September 12, 2010 at 7:42 pm (ΔΙΑΦΟΡΑ, ΕΠΙΣΤΗΜΟΝΙΚΑ ΝΕΑ) ()

http://www.newscientist.com/article/mg20727774.400-ancient-greeks-spotted-halleys-comet.html

A CELESTIAL event in the 5th century BC could be the earliest documented sighting of Halley’s comet – and it marked a turning point in the history of astronomy.

According to ancient authors, from Aristotle onwards, a meteorite the size of a “wagonload” crashed into northern Greece sometime between 466 and 468 BC. The impact shocked the local population and the rock became a tourist attraction for 500 years.

The accounts describe a comet in the sky when the meteorite fell. This has received little attention, but the timing corresponds to an expected pass of Halley’s comet, which is visible from Earth every 75 years or so.

Philosopher Daniel Graham and astronomer Eric Hintz of Brigham Young University in Provo, Utah, modelled the path that Halley’s comet would have taken, and compared this with ancient descriptions of the comet (Journal of Cosmology, vol 9, p 3030). For example, the comet was said to be visible for 75 days, accompanied by winds and shooting stars, and in the western sky when the meteorite fell.

The researchers show that Halley’s comet would have been visible for a maximum of 82 days between 4 June and 25 August 466 BC. From 18 July onwards, a time of year characterised in this region by strong winds, it was in the western sky. At around this time, the Earth was moving under the comet’s tail, so its debris field would have made shooting stars.

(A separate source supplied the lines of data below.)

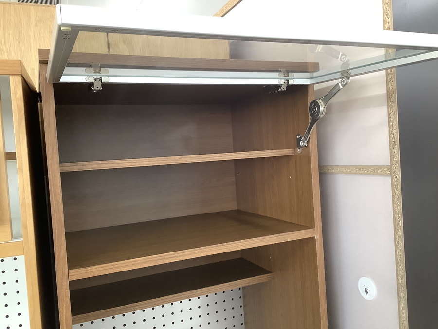 上のガラス扉は手前へひく感じで上に開きます!!
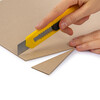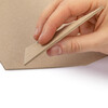 Переплетный картон обладает высокой механической прочностью на разрыв и излом,не гибкий, не расслаивается. Картон можно клеить, резать, сшивать, сверлить и т.д. Ножницами режется с усилием, поэтому при работе с ним лучше применять "Нож для художественных работ" или "макетный нож".
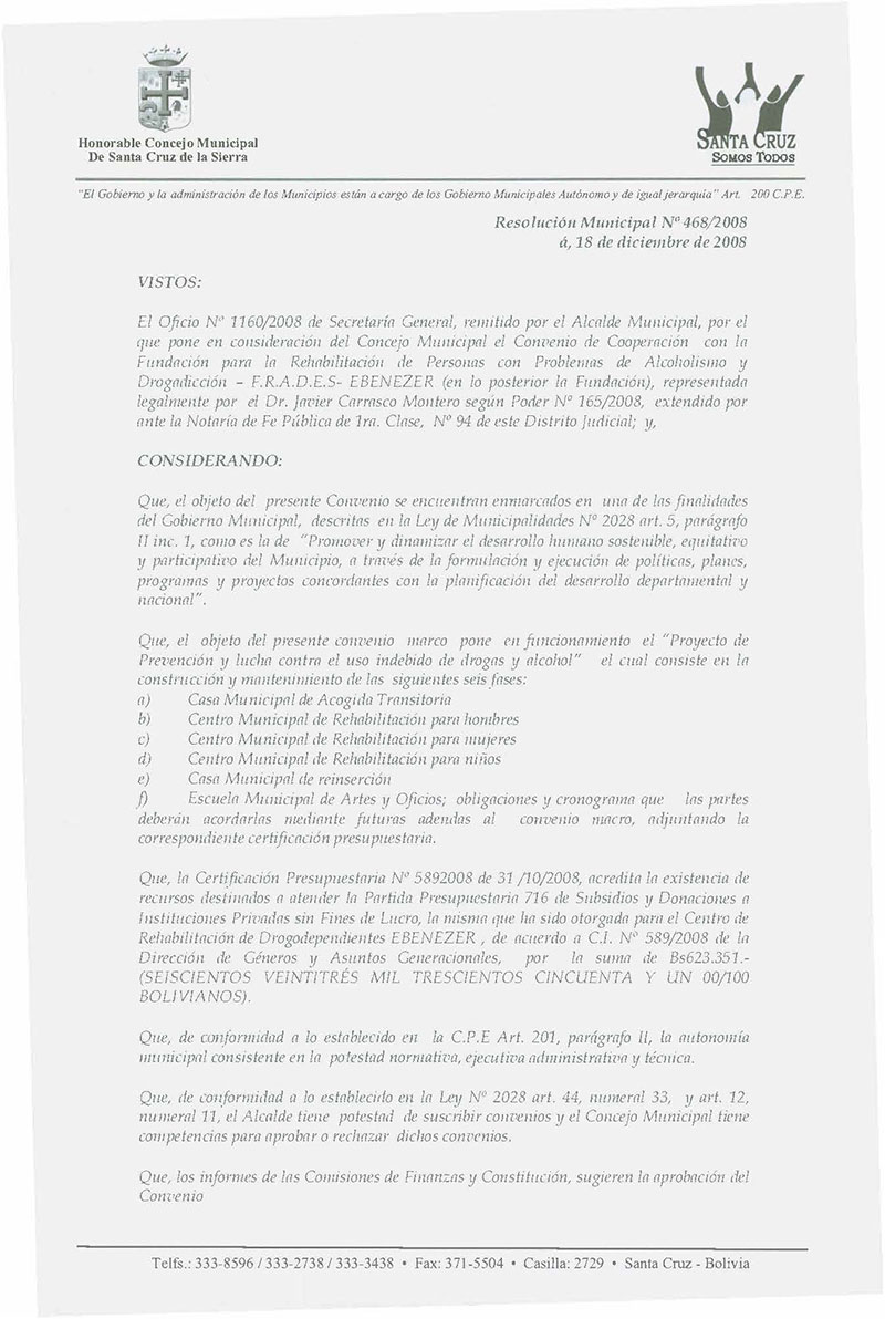 Aprueba el Convenio Marco de Cooperación entre el Gobierno Municipal Autónomo de Santa Cruz de la Sierra y la Fundación para la Rehabilitación de Personas con Problemas de Alcoholismo y Drogadicción EBENEZER SANTA CRUZ (F.R.A.D.E.S).
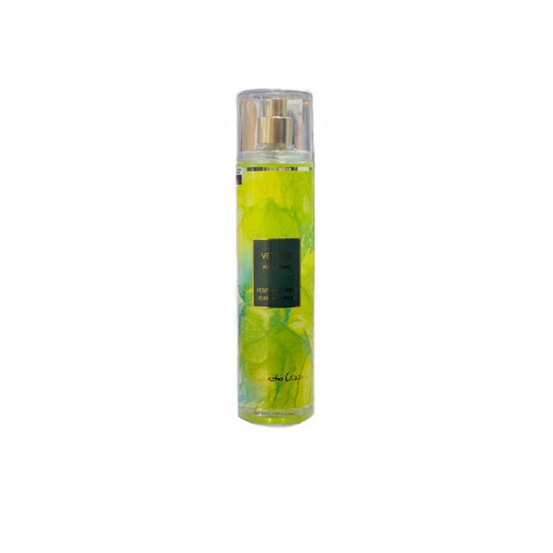 بادی اسپلش روبرتو ویزاری مدل وتیوربادی پرفیوم روبرتو ویزاری یک بادی اسپلش خوب و با رایحه های بسیار شاد و حرفه ای است که بسیار کاربردی برای استفاده روزانه که شما برای استفاده شخصی میتوانید استفاده کنید .این بادی اسپلش رایحه بسیار خوبی به بدن می دهد و ماندگاری بالایی روی پوست بدن دارد .این مدل از بادی اسپلش روبرتو ویزاری vetiver می باشد که رایحه ای ترش و تازه دارد که یکی از خفن ترین بادی اسپلش هایی است که این برند دارد و بسیار نوت بویی دل پذیری دارد که برای همه خانم ها با هر سلیقه ای عالی می باشد .
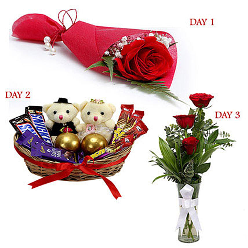 Day 1 : Single rose wrapped in a red hand woven paper tied with red thread with hanging pearl . Day 2: 54 grams each two snickers, 14 grams each of two dairy milk chocolate, 11.5 grams each of four munch, 2 inch soft toys and two golden ball candles. Day 3: 3 Red Roses in a Glass Vase.
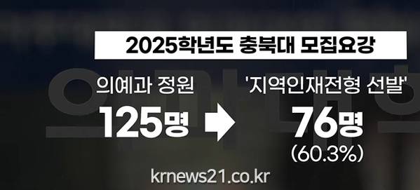 2025학년도 정원 125명 가운데 76명을 지역인재전형, 즉 충북에서 고등학교를 마친 학생들로만 선발한다.
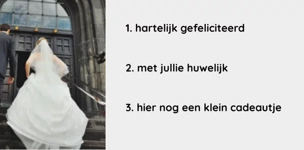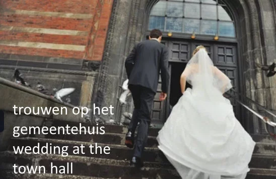 When two people decide to get married, they celebrate their wedding. They send invitations to their family and friends. The bride usually wears a white dress, and the groom wears a suit. The wedding ceremony takes place at the town hall (also known as the “gemeentehuis”), and for religious people, it may also be held in a church. After the ceremony, there is a reception where people congratulate the couple, and in the evening, there is often a party to celebrate. The “just married” couple often goes on a honeymoon afterwards.
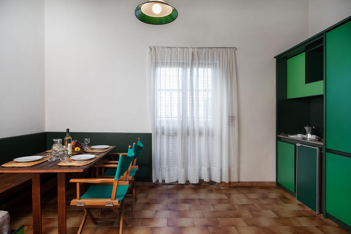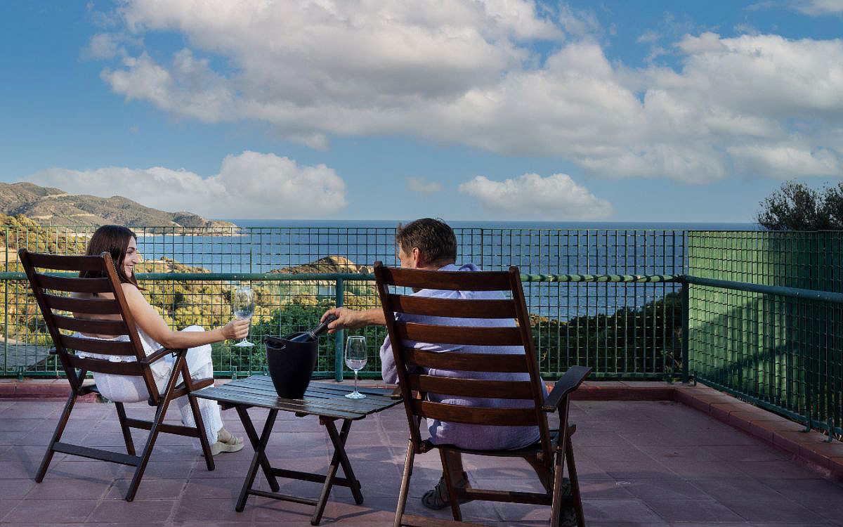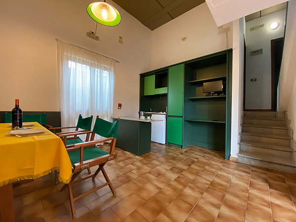 62 m² - dvoupatrový apartmán – v přízemí obývací pokoj s kuchyňským koutem a terasou s předzahrádkou, v patře 2 ložnice s manželskou postelí či 2 samostatnými lůžky, sociální zařízení se sprchou, v neuzavřeném patře 2 samostatná lůžka; apartmány Panoramic mají navíc terasu s výhledem na moře
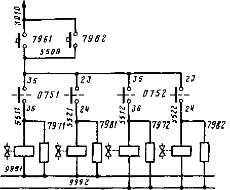Рис. 36. Цепи питания вентилей цилиндров догружающих устройств на электровозах с № 76
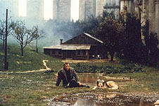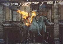 ドメニコはローマのカンピドリオ広場のマルクス・アウレリウス皇帝の騎馬像の上で、世界平和を訴え、わが身に火を放つ。一方、アンドレイはドメニコとの約束を果たしにバーニョ・ヴィニョーニに引き返す。アンドレイはロウソクの炎を、吹きすさぶ風から必死に守りながら幾度となく、ぬかるむ広場の横断を二度、三度と試みる。そして、ついに渡り切ろうという時、凍てつく雨は雪に変わり、彼は崩れ落ちて行く…。 |

None of this proves the comet’s identity, but Graham says such major comet sightings are rare, so Halley must be a “strong contender”. Previously, the earliest known sighting of Halley was made by Chinese astronomers in 240 BC. If Graham and Hintz are correct, the Greeks saw it three orbits and more than two centuries earlier.

The researchers’ analysis reveals this moment to be a crucial turning point in the history of astronomy. Plutarch wrote in the 1st century AD that a young astronomer called Anaxagoras predicted the meteorite’s fall to Earth, which has puzzled historians because such events are essentially random occurrences.

After studying what was said about Anaxagoras, Graham concludes that he should be recognised as “the star of early Greek astronomy”. Rather than predicting a particular meteorite, he reckons Anaxagoras made a general statement that rocks might fall from the sky.

At this time, says Graham, everyone thought that celestial bodies such as the moon and planets were fiery, lighter-than-air objects. But after observing a solar eclipse in 478 BC, Anaxagoras concluded that they were heavy, rocky lumps, held aloft by a centrifugal force. This implied that solar eclipses occurred when the moon blocked the light from the sun. It also meant that if knocked from position, such a rock might crash to Earth.

“When the meteorite fell, no one could deny it,” says Graham. “The headline was ‘Anaxagoras was right’.”

Did Halley’s comet play a role? It is always possible that the comet might have nudged a near-Earth asteroid from its course and sent it hurtling towards northern Greece. From that point on, the idea of rocks in the sky was accepted, and the Greeks had a new understanding of the cosmos.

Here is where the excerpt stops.